Сотрудничество с «аполлончиками» и эстетами-богоискателями, как отзывался писатель о своем окружении в «Возрождении», закончилось. На следующий же день, 9 июня, откликнулся Бальмонт: «Очень огорчил нас Ваш малый вопль по поводу этой помойки, „Возрождения“, где Вы столько намучились»[292]292
  Встреча: Константин Бальмонт и Иван Шмелев. С. 111.


[Закрыть]
. Разорвал все отношения с газетой и Амфитеатров, который писал Бунину 15 мая 1929 года: «В „Возрождении“ меня нет потому, что я оттуда ушел. Следовало это сделать еще прошлою осенью, но тогда меня просили подождать Шмелев и Братство русской правды, и я напрасно послушался. Нельзя. Уж очень бесцеремонно распоясались Маковский, Ходасевич и прочие, „ультра-фиолетовые“, как звал эту публику покойный Арцыбашев. Дошло до форменной цензуры статей, выкрадывавшей мнения автора и подменявшей их своими собственными»[293]293
  Цит. по: Казнина О. А. Начало газеты «Возрождение»: 1925–1927. С. 90–91.


[Закрыть]
.

Шмелев вернулся в «Возрождение» лишь в 1934 году – только после того, как оттуда ушел Маковский. Позже в предисловии к изданию мемуарного сборника «На Парнасе „Серебряного века“» (1962) Маковский назвал многих писателей эмиграции продолжателями «русского дела»[294]294
  Маковский С. Портреты современников. М., 2000. С. 257.


[Закрыть]
, верными национальному долгу людьми.
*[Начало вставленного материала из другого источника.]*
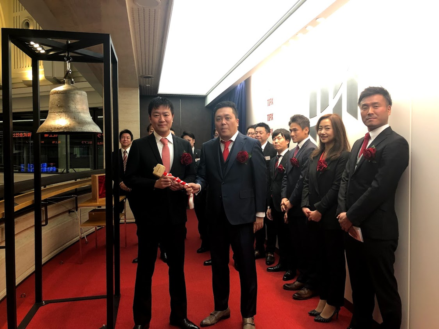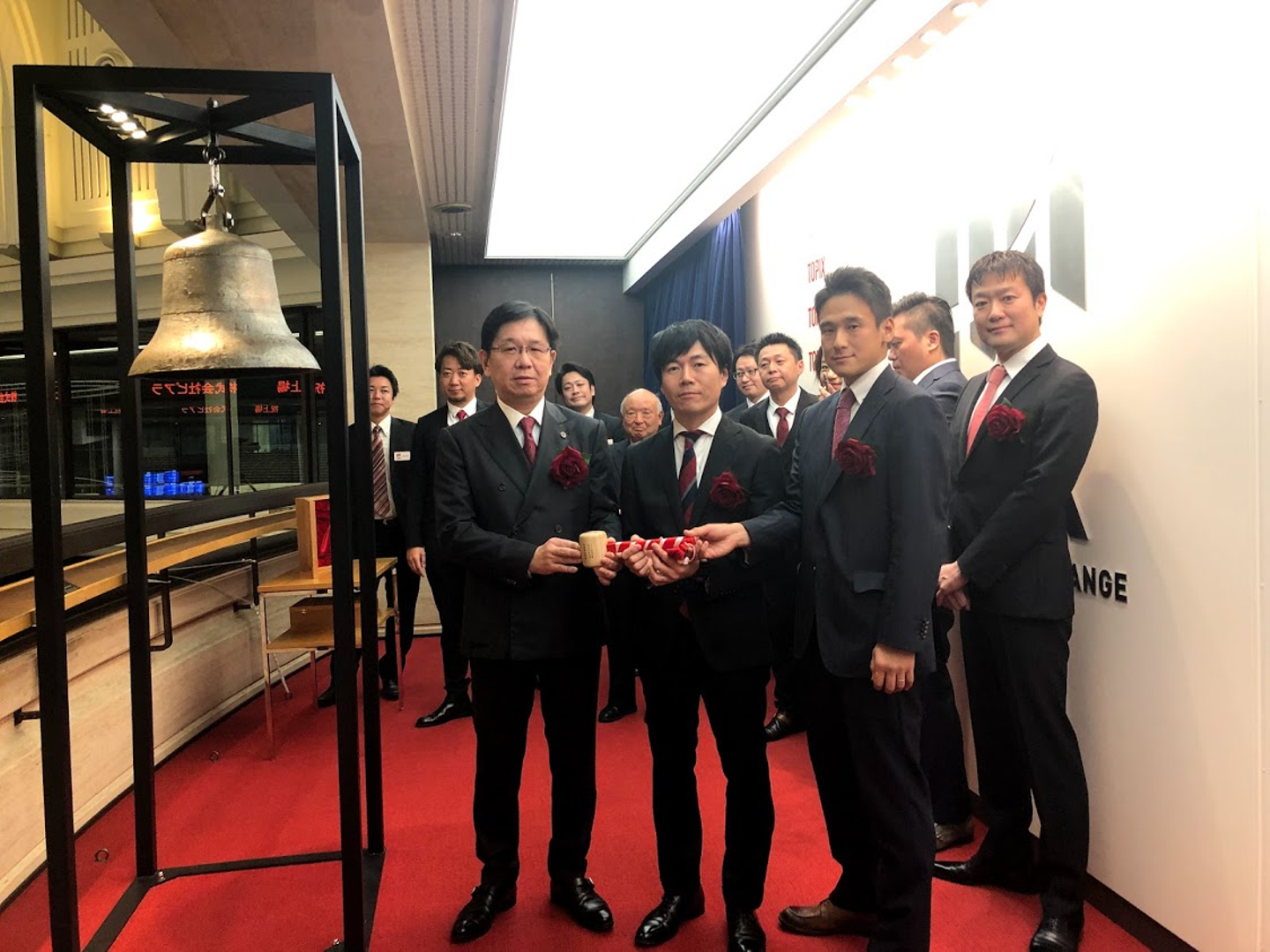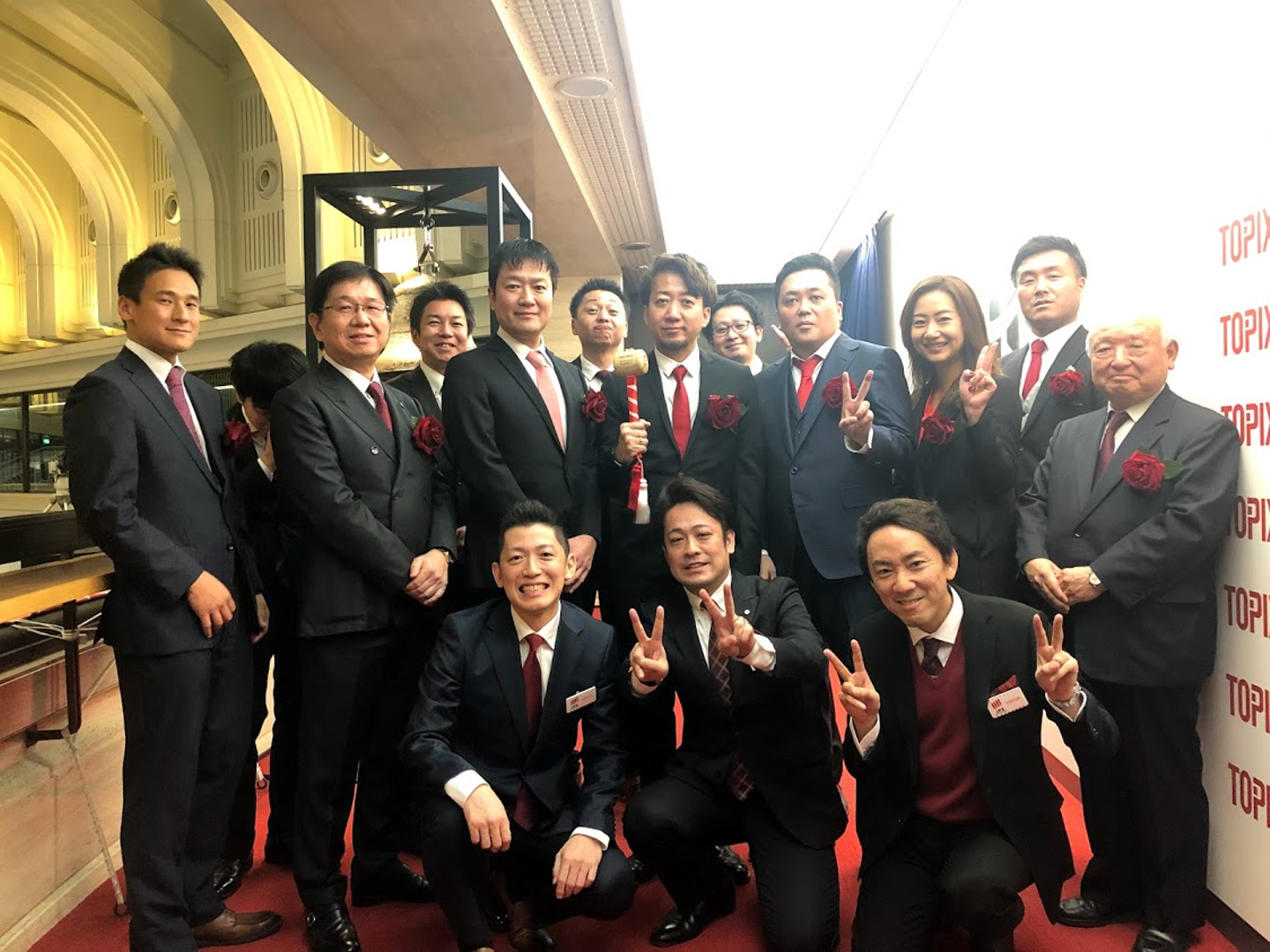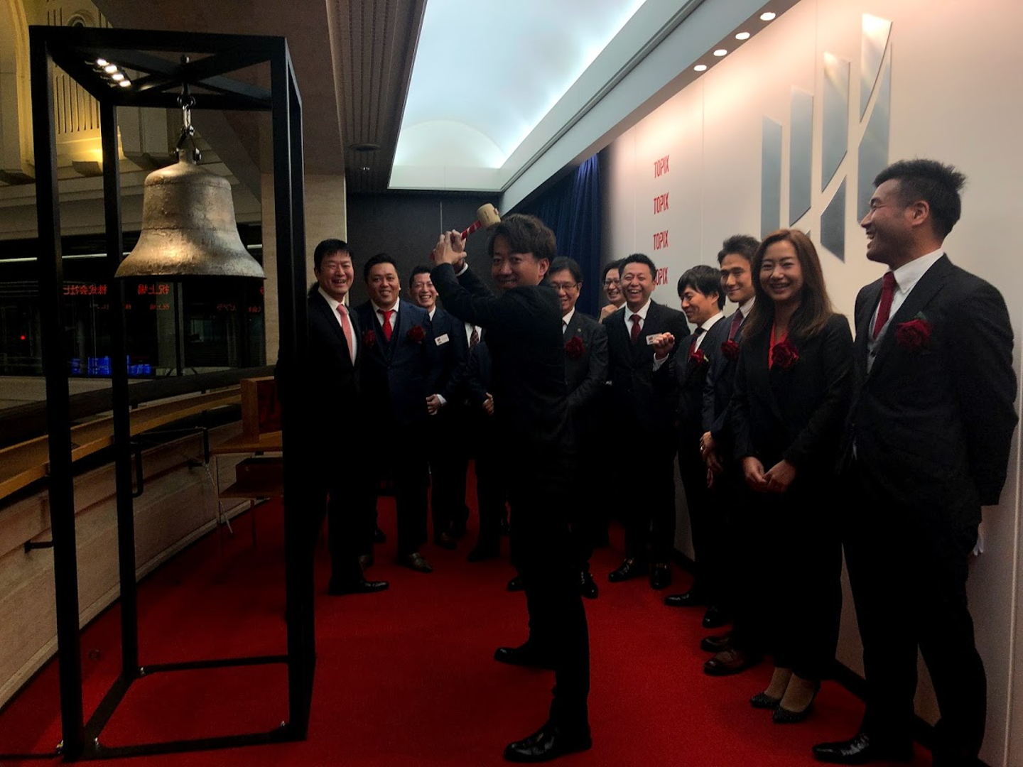 最後に役員で記念撮影。これで、上場セレモニーは終了です。
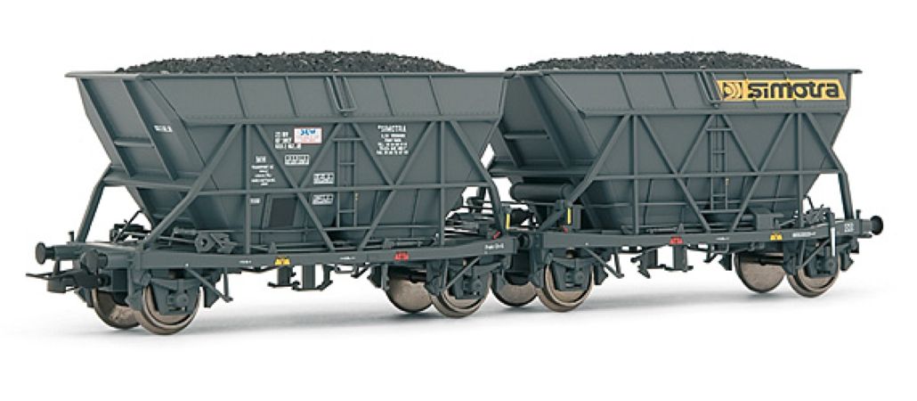 Modèle réduit de la marque Electrotren d'un wagon trémie double de la SNCF, "SIMOTRA".

Среди перечисленных – а это Бунин, Мережковский, Г. Иванов, Ходасевич и другие – оказался и Шмелева.

Благоприятно сложились отношения Шмелева с «Россией и славянством» – преемницей «России» Струве. «Россия» закрылась 10 марта 1928 года из-за отсутствия средств, и с 1 декабря, на деньги, полученные Струве от чешского правительства, начала выходить еженедельная газета «Россия и славянство». Кандидатура Струве на пост главного редактора любой газеты не могла удовлетворить З. Н. Гиппиус, и она старалась убедить сербского лингвиста профессора Александра Белича, принимавшего горячее участие в добывании денег на русские издания, предпочесть Струве кого-нибудь другого. В письме к Ходасевичу от 12 декабря 1928 года она сетовала: Белич не признает ничьих влияний… Ходасевич интриг Гиппиус не одобрял, и в более раннем письме, от 4 декабря того же года, советовал ей оставить Струве в покое и не испытывать удовлетворения от того, что его деятельность прервана, административно задавлена.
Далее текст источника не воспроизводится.